* **Action item**:
Among the entries below, find the line with "pronto! Eu quero!" and the line with "为了保障当天接单,次日送达,七宝、航华两". Return exactly those lines and every line between them, but no pictures.

* **Material to process**:
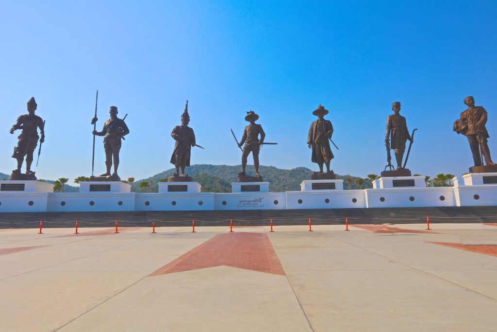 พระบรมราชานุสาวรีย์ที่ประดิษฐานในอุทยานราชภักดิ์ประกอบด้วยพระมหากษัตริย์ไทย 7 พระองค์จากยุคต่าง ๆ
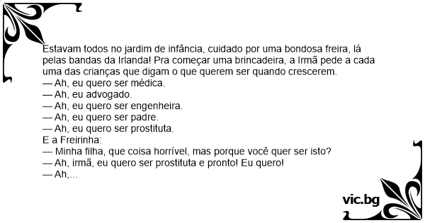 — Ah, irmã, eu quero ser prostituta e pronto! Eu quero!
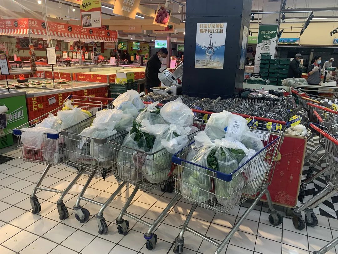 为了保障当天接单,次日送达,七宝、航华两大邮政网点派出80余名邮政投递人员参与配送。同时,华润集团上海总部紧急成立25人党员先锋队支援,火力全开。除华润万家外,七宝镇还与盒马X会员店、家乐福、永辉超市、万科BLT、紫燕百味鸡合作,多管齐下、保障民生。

---

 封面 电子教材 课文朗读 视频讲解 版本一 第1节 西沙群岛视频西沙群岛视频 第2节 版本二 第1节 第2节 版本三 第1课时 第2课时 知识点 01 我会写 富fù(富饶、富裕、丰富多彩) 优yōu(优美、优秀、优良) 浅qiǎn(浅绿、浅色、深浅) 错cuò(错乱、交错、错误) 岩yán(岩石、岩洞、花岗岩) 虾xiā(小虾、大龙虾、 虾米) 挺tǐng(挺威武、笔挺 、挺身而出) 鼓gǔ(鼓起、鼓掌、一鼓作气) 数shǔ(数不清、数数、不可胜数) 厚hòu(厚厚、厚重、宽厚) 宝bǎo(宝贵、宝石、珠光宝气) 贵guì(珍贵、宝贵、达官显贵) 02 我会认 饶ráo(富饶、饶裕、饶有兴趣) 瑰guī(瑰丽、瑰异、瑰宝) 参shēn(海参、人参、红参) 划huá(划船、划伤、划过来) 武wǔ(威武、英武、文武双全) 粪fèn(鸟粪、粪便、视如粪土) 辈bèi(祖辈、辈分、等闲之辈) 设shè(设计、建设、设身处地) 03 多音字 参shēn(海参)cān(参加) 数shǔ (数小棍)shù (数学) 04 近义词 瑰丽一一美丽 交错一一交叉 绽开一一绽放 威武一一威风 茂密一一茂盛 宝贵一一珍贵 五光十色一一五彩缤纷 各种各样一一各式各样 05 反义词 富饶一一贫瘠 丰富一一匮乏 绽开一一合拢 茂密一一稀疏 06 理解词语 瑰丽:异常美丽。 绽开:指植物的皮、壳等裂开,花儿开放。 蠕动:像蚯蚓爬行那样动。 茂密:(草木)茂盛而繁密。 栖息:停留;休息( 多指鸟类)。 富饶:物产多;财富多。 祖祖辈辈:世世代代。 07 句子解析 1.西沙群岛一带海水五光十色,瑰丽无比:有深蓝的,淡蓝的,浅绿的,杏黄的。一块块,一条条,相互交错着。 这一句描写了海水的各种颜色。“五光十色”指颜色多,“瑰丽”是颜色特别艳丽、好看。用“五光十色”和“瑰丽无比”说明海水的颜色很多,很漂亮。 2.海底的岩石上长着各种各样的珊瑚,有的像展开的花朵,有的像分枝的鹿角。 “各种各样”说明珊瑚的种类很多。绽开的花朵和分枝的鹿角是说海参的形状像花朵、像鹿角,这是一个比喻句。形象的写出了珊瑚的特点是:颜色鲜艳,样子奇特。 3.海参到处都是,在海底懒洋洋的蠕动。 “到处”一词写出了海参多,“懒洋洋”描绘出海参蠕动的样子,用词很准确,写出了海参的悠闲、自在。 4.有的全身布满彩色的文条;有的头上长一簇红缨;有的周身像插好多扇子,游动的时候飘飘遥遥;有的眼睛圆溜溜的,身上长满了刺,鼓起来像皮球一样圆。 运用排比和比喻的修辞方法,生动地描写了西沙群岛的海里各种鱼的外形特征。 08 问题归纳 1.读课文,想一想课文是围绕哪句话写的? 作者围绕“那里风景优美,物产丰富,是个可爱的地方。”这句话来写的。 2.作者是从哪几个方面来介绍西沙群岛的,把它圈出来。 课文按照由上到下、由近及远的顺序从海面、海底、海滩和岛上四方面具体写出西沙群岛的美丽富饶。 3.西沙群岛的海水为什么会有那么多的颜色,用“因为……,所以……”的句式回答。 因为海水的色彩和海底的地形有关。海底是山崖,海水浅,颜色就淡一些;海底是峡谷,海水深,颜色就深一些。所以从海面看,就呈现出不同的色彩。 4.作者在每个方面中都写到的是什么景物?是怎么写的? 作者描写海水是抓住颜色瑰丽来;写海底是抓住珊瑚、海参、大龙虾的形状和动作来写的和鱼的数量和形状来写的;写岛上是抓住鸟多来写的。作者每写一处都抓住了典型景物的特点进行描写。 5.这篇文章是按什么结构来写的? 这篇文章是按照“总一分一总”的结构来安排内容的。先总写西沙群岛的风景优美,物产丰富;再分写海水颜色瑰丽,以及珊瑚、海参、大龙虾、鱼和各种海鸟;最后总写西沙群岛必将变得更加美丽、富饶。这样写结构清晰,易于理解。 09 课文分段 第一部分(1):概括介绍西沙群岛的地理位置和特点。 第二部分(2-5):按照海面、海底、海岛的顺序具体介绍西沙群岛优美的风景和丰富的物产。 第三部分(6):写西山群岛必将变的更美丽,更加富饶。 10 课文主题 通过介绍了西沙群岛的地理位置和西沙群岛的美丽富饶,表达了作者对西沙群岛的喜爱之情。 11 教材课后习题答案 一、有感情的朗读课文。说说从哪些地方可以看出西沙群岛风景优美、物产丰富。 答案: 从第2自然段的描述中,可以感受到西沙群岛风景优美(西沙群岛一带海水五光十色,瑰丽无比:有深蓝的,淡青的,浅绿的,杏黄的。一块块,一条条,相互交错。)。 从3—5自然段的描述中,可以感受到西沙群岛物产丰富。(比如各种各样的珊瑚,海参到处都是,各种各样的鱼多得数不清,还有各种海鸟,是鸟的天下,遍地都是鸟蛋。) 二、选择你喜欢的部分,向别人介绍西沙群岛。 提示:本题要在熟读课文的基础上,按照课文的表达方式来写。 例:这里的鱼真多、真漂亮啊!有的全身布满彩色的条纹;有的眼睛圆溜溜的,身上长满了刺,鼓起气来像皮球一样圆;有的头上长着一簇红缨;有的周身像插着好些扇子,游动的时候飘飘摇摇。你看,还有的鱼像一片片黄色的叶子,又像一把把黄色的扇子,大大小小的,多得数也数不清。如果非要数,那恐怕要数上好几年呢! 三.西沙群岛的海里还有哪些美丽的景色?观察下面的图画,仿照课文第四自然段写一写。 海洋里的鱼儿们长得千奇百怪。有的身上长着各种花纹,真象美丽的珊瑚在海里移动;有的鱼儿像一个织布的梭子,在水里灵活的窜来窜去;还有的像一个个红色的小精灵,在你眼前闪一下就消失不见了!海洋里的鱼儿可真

==

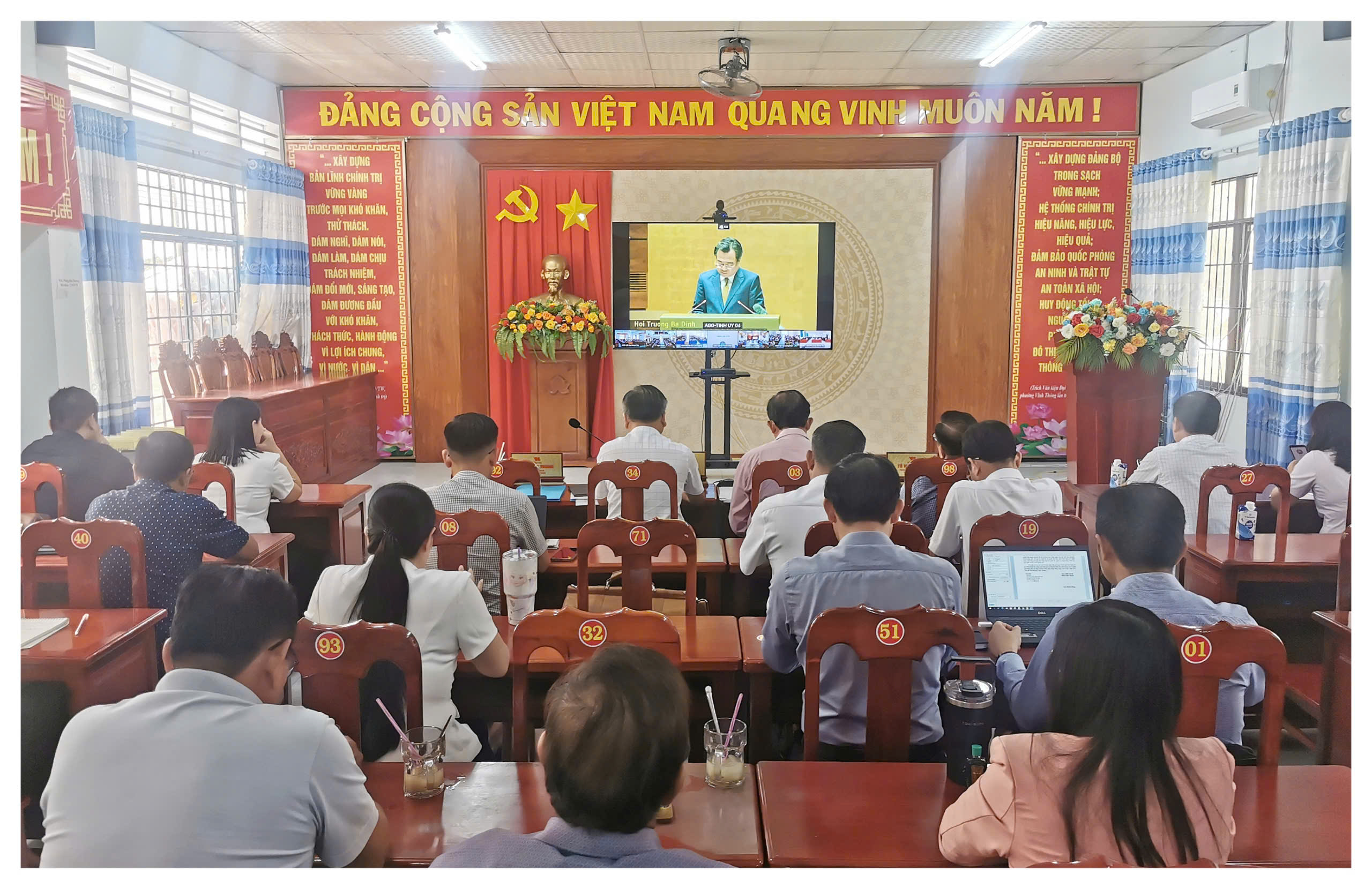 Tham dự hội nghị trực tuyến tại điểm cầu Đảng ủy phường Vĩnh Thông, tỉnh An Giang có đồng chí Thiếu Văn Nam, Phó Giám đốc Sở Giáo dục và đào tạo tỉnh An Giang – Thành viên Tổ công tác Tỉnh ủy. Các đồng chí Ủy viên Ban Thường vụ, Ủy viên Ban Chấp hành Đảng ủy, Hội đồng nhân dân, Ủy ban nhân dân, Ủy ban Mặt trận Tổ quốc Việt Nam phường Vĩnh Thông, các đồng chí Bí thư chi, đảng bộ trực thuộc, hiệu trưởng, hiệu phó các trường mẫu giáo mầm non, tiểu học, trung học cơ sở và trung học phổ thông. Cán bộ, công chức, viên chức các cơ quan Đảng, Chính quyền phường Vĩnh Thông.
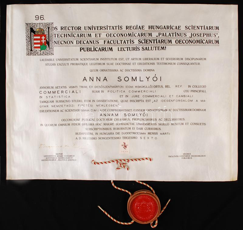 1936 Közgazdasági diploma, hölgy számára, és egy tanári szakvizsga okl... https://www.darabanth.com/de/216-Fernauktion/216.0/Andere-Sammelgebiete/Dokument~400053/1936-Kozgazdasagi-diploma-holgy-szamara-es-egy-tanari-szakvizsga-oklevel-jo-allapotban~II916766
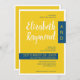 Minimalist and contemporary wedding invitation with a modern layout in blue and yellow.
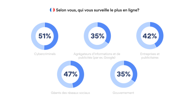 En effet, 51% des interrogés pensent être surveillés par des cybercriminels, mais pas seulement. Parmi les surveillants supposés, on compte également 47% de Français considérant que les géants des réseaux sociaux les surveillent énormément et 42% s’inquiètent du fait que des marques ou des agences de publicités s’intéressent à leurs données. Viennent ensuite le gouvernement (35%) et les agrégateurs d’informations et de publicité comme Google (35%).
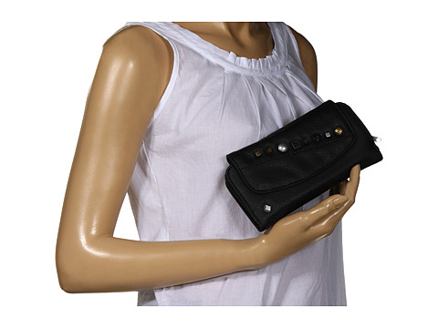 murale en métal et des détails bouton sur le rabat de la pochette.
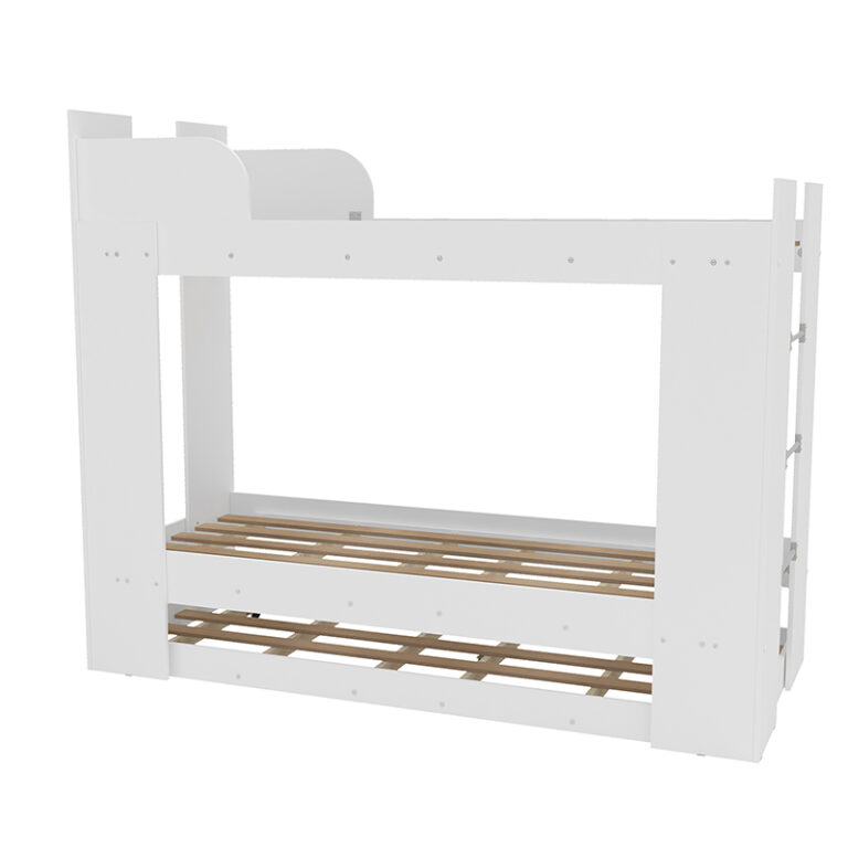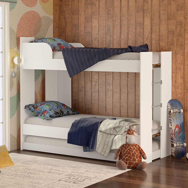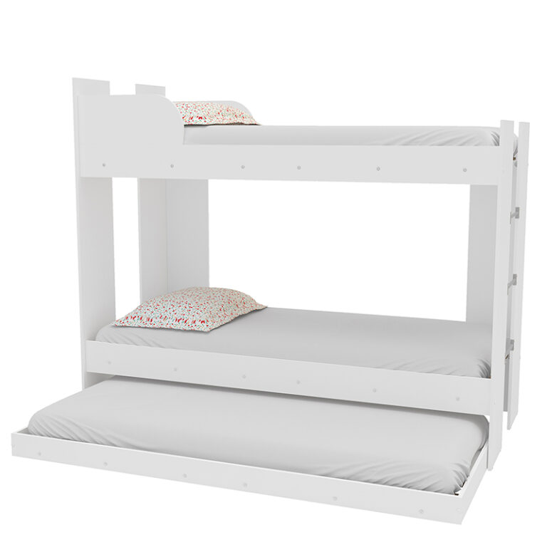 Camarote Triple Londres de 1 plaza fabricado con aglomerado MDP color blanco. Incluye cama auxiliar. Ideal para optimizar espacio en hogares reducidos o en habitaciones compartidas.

* **Written solution**:
 — Ah, irmã, eu quero ser prostituta e pronto! Eu quero!
 为了保障当天接单,次日送达,七宝、航华两大邮政网点派出80余名邮政投递人员参与配送。同时,华润集团上海总部紧急成立25人党员先锋队支援,火力全开。除华润万家外,七宝镇还与盒马X会员店、家乐福、永辉超市、万科BLT、紫燕百味鸡合作,多管齐下、保障民生。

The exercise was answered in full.